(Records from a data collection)

= = = = = = =

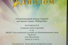 "Күбәләк" балалар бакчасында тәрбияләнүче Асманова Алисә "Shining Stars"дип исемләнгән республикакүләм чит телләрдә нәфис сүз осталары бәйгесе призеры булды. Аңа киләчәктә дә уңышлар телибез.
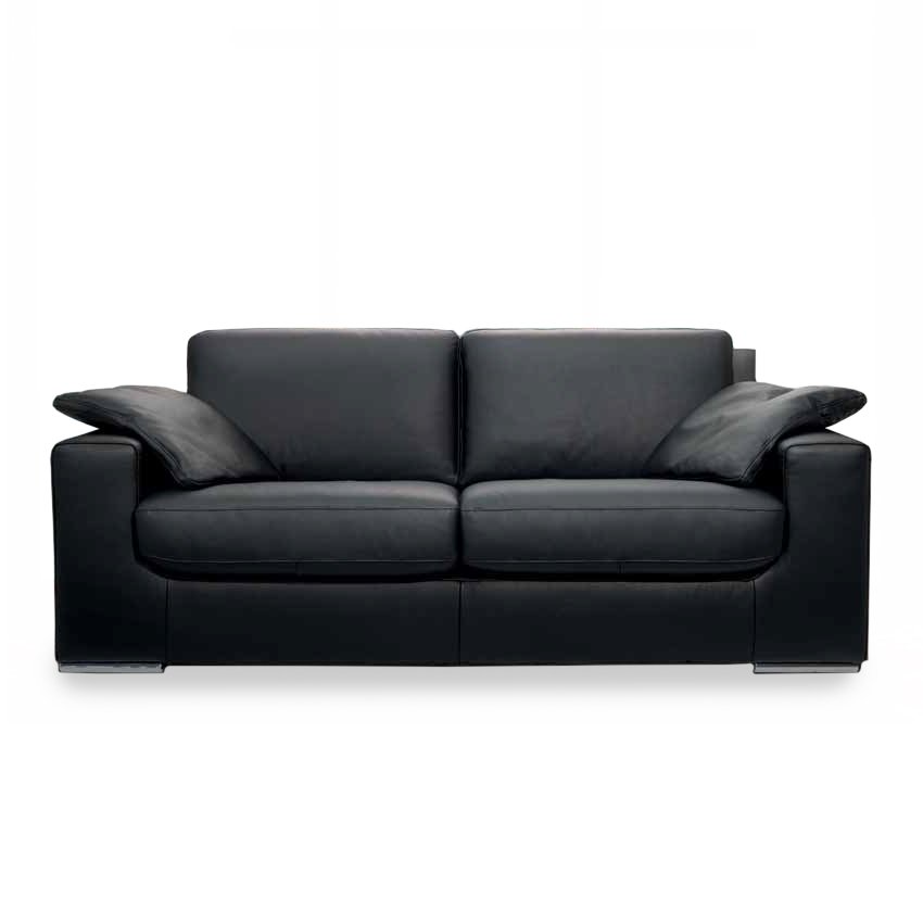 Le canapé convertible noir Bruges vous est proposé en vente en ligne avec un couchage quotidien de de 120 à 160 cm de largeur. Les coussins de déco sont en option.
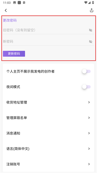 4、在设置页面找到更改密码区域,填写信息后点击更新密码完成修改。
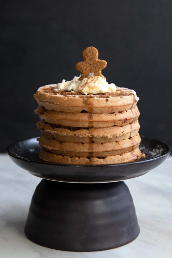 Crispy on the outside and fluffy inside, these waffles are weekend breakfast goals. They develop beautiful golden pockets that hold butter and sugar-free syrup perfectly. The gingerbread spices make them feel special occasion-worthy even on regular mornings.
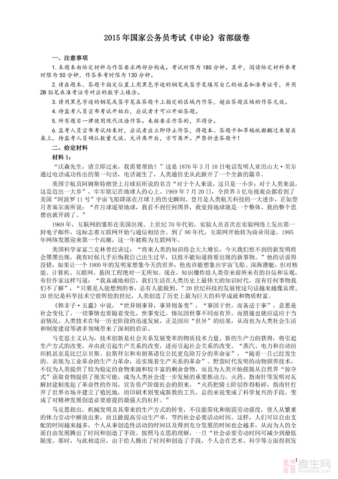 2015年国家录用公务员考试《申论》真题卷及答案(省部级)
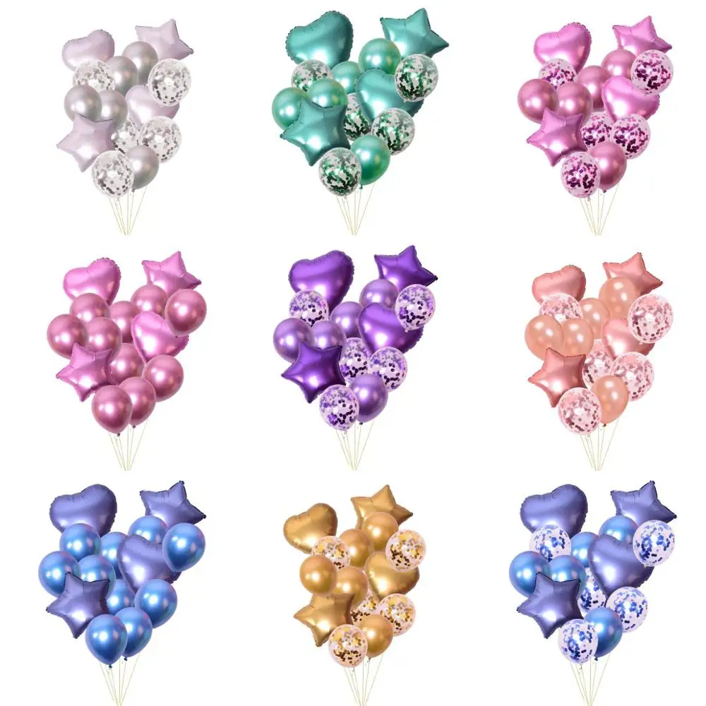 14 шт., воздушные шары из фольги с металлическим сердцем и звездами, Детские шары для дня рождения, латексные воздушные шары с конфетти для мальчиков и девочек, товары для вечеринки

= = = = = = =

- [Assigned task] Please return only the lines from the one holding "4、在设置页面找到更改密码区域,填写信息后点击更新密码完成修改。" through the end of the data, both ends included; do not copy any pictures.

- [Answer area]
 4、在设置页面找到更改密码区域,填写信息后点击更新密码完成修改。
 Crispy on the outside and fluffy inside, these waffles are weekend breakfast goals. They develop beautiful golden pockets that hold butter and sugar-free syrup perfectly. The gingerbread spices make them feel special occasion-worthy even on regular mornings.
 2015年国家录用公务员考试《申论》真题卷及答案(省部级)
 14 шт., воздушные шары из фольги с металлическим сердцем и звездами, Детские шары для дня рождения, латексные воздушные шары с конфетти для мальчиков и девочек, товары для вечеринки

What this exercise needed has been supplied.